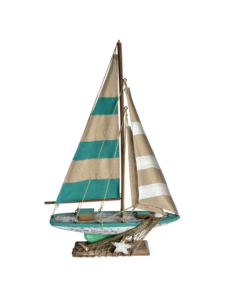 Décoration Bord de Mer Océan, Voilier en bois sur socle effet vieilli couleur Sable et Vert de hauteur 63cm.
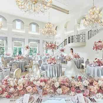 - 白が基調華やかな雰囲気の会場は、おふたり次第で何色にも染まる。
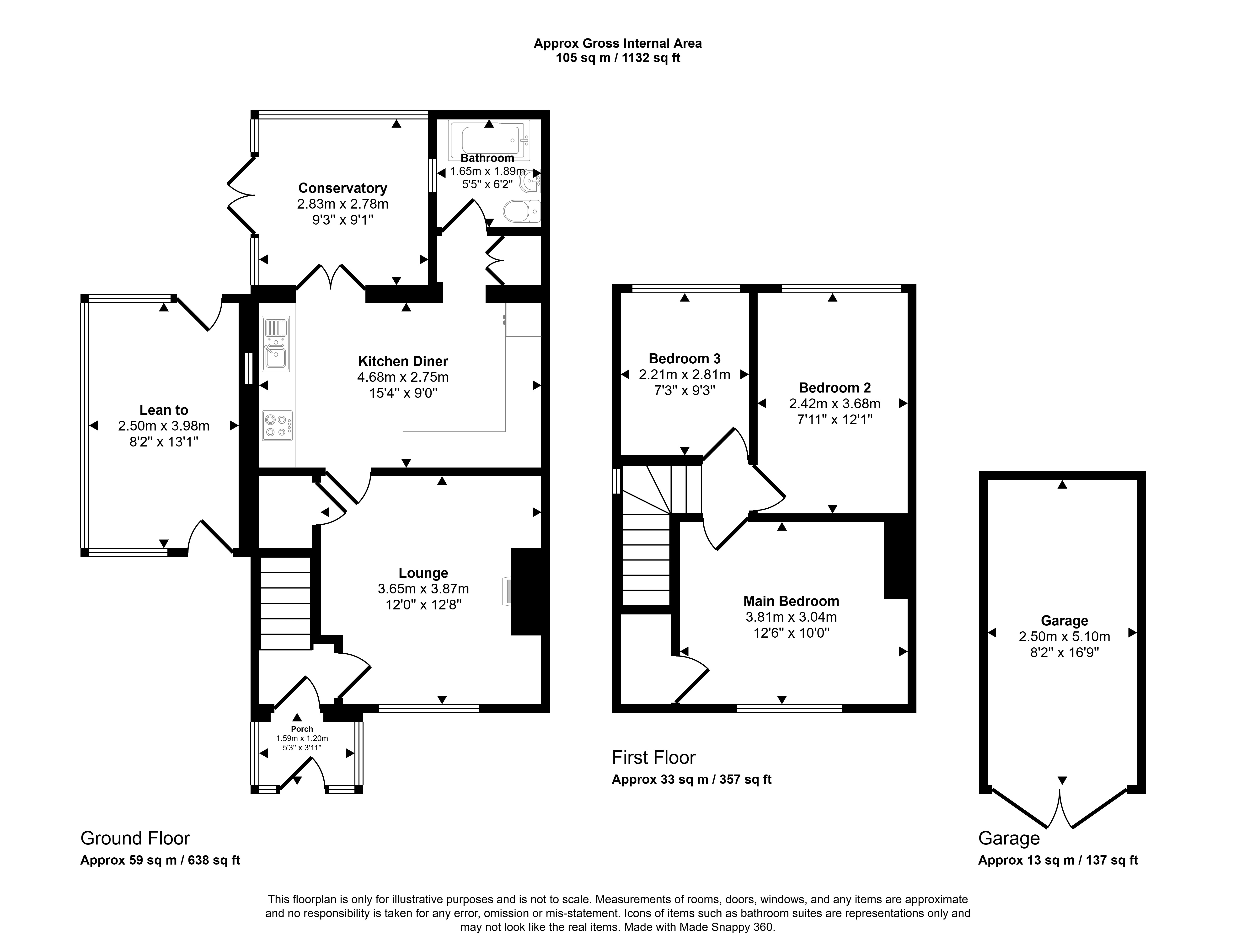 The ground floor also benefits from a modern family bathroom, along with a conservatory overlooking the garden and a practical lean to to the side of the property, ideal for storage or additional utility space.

--

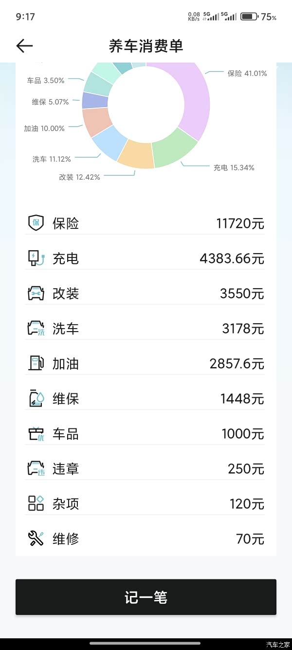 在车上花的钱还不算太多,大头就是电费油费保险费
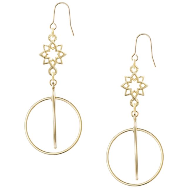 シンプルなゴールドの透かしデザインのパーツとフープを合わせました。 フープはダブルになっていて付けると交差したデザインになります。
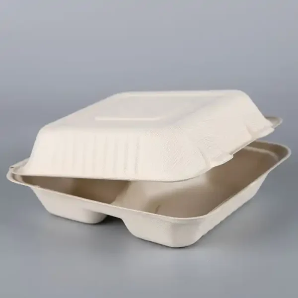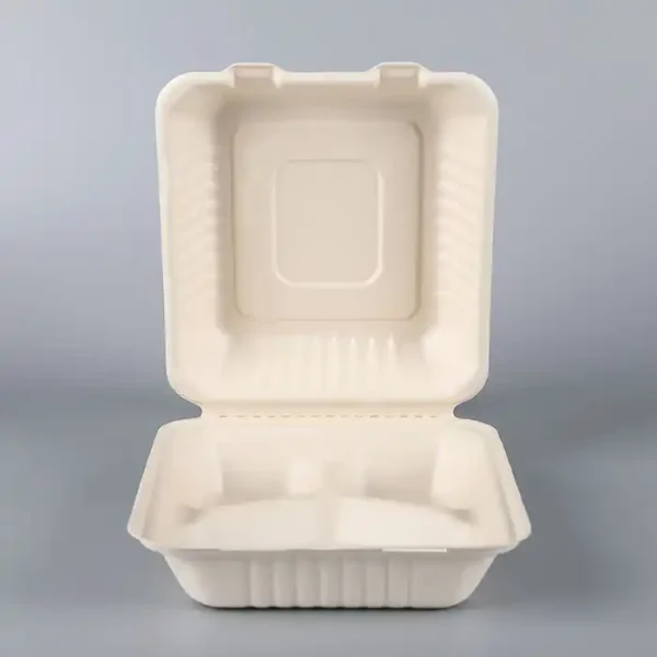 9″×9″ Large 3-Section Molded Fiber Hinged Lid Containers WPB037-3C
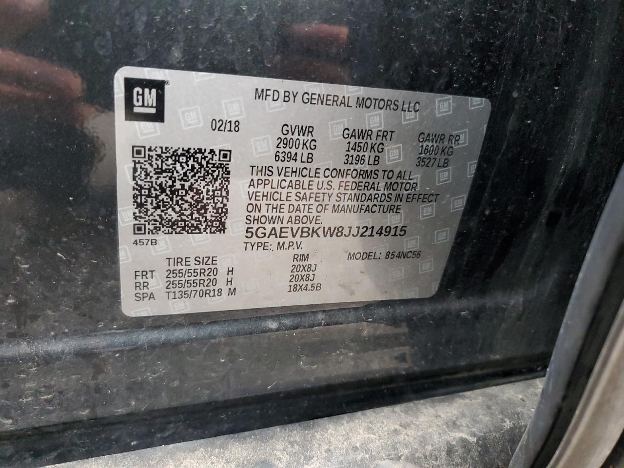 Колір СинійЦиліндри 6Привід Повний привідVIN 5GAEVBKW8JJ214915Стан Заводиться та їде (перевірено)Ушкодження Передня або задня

■ WHAT TO PRODUCE: Only one part of the material above is wanted: the lines from the one with "在车上花的钱还不算太多,大头就是电费油费保险费" up to and including the one with "Колір СинійЦиліндри 6Привід". Please copy them exactly, pictures left out.

■ ANSWER FOR THIS EXERCISE:
 在车上花的钱还不算太多,大头就是电费油费保险费
 シンプルなゴールドの透かしデザインのパーツとフープを合わせました。 フープはダブルになっていて付けると交差したデザインになります。
 9″×9″ Large 3-Section Molded Fiber Hinged Lid Containers WPB037-3C
 Колір СинійЦиліндри 6Привід Повний привідVIN 5GAEVBKW8JJ214915Стан Заводиться та їде (перевірено)Ушкодження Передня або задня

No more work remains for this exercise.